# How to complete this task
Return the whole listing, line for line, without the pictures in it.

BEGIN Supplied information

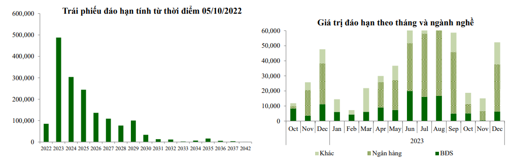 VCBS ước tính, khối lượng đáo hạn trái phiếu doanh nghiệp quý IV/2022 sẽ đạt 85.000 tỷ đồng, trong đó tập trung ở nhóm các ngân hàng (chiếm 53,4%), bất động sản (chiếm 27%). Khối lượng trái phiếu doanh nghiệp đáo hạn trong năm 2023 và 2024 ước khoảng 790.000 tỷ đồng, chiếm gần một nửa khối lượng trái phiếu doanh nghiệp đang lưu hành, có thể kéo theo nhu cầu phát hành để đảm bảo nhu cầu vốn của các doanh nghiệp trên thị trường.
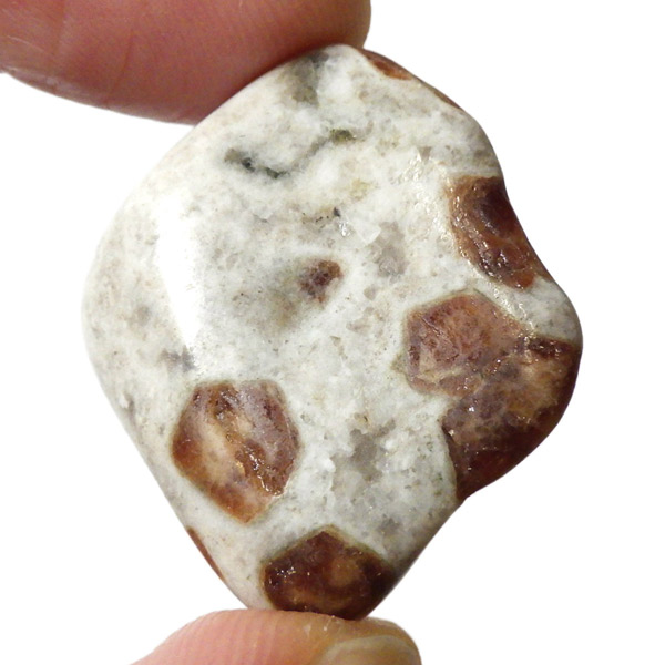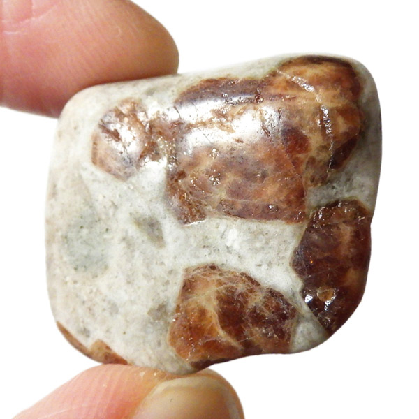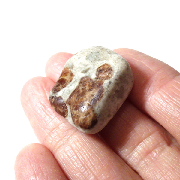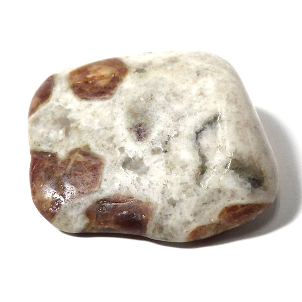 ナミビア産のガーネットインライムストーンのタンブルです。ガーネットインライムストーンは、情熱と安定を象徴するガーネットと、大地のエネルギーを感じさせるライムストーン(石灰岩)が絶妙に共生した、自然が生み出した美しいコンビネーションストーンです。 ガーネットの種類はグロシュラーガーネットといわれています。オレンジ系の褐色のガーネットが、温かみのあるベージュからグレーのライムストーンに点在し、その柄がドット模様が可愛らしいです。
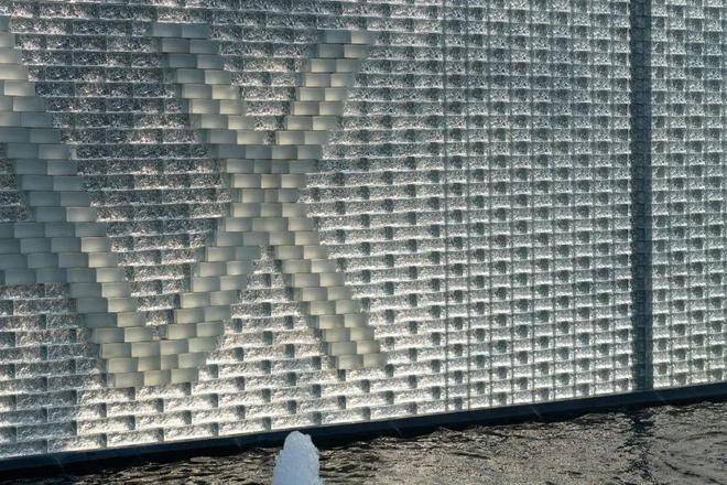 转过光屏,外部的嘈杂与之隔绝开,潺潺流水先闻其声,近景水面粼粼,远景山石静卧,动静结合,山水之间,更显纯粹。场景的更迭伴随情绪的转换,访客心情由浮躁归为平静。水景之中点缀几处跳泉,荡漾微波,延绵扩散,为静谧的景致中增添了一抹动态之感。人们在水泉旁停留,潺潺流水的声音洗涤着心灵,灵感如泉水般涌现。

END Supplied information

# Task answer
 VCBS ước tính, khối lượng đáo hạn trái phiếu doanh nghiệp quý IV/2022 sẽ đạt 85.000 tỷ đồng, trong đó tập trung ở nhóm các ngân hàng (chiếm 53,4%), bất động sản (chiếm 27%). Khối lượng trái phiếu doanh nghiệp đáo hạn trong năm 2023 và 2024 ước khoảng 790.000 tỷ đồng, chiếm gần một nửa khối lượng trái phiếu doanh nghiệp đang lưu hành, có thể kéo theo nhu cầu phát hành để đảm bảo nhu cầu vốn của các doanh nghiệp trên thị trường.
 ナミビア産のガーネットインライムストーンのタンブルです。ガーネットインライムストーンは、情熱と安定を象徴するガーネットと、大地のエネルギーを感じさせるライムストーン(石灰岩)が絶妙に共生した、自然が生み出した美しいコンビネーションストーンです。 ガーネットの種類はグロシュラーガーネットといわれています。オレンジ系の褐色のガーネットが、温かみのあるベージュからグレーのライムストーンに点在し、その柄がドット模様が可愛らしいです。
 转过光屏,外部的嘈杂与之隔绝开,潺潺流水先闻其声,近景水面粼粼,远景山石静卧,动静结合,山水之间,更显纯粹。场景的更迭伴随情绪的转换,访客心情由浮躁归为平静。水景之中点缀几处跳泉,荡漾微波,延绵扩散,为静谧的景致中增添了一抹动态之感。人们在水泉旁停留,潺潺流水的声音洗涤着心灵,灵感如泉水般涌现。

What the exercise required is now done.